*RECORDS SUPPLIED*.

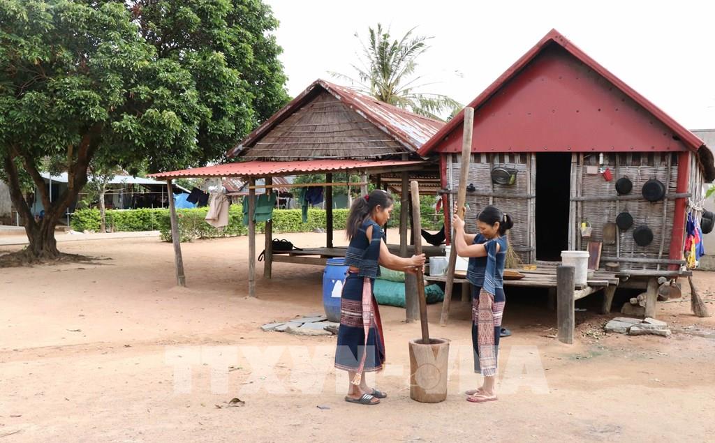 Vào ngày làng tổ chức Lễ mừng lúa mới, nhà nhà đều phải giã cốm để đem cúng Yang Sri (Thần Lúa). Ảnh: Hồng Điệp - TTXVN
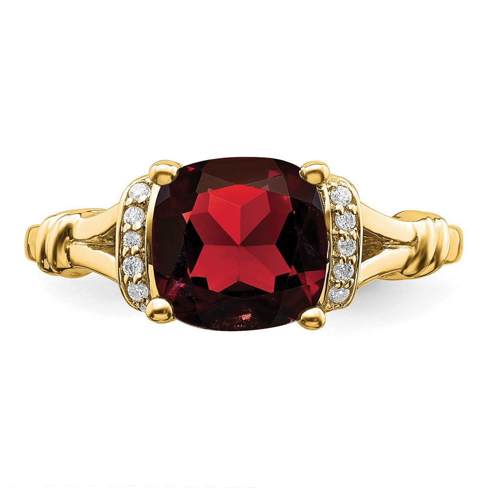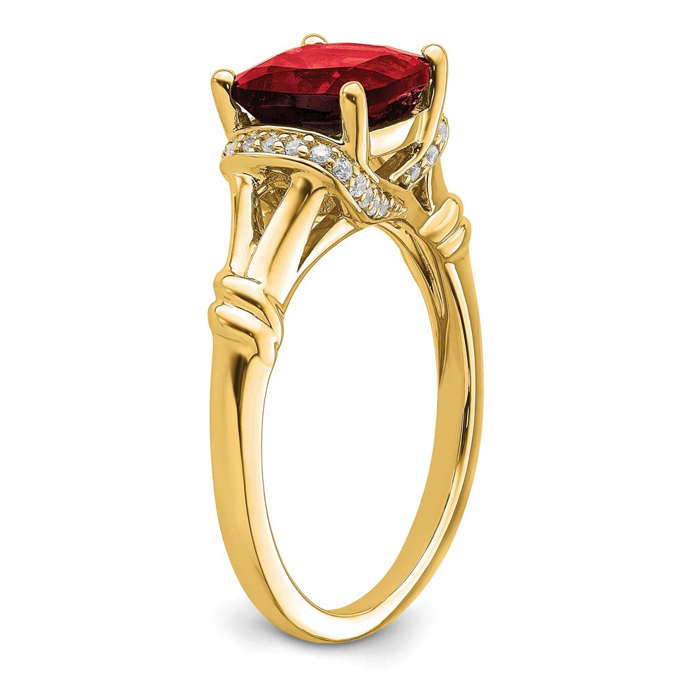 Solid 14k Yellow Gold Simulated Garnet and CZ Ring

---

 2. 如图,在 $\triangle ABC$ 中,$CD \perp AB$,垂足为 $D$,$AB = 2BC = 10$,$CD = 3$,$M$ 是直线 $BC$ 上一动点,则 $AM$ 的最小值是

*TASK DESCRIPTION*.
Would you output the lines above from the line holding "Vào ngày làng" up to and including the line holding "Solid 14k Yellow", exactly and only those, with no pictures?

*EXERCISE RESPONSE*.
 Vào ngày làng tổ chức Lễ mừng lúa mới, nhà nhà đều phải giã cốm để đem cúng Yang Sri (Thần Lúa). Ảnh: Hồng Điệp - TTXVN
 Solid 14k Yellow Gold Simulated Garnet and CZ Ring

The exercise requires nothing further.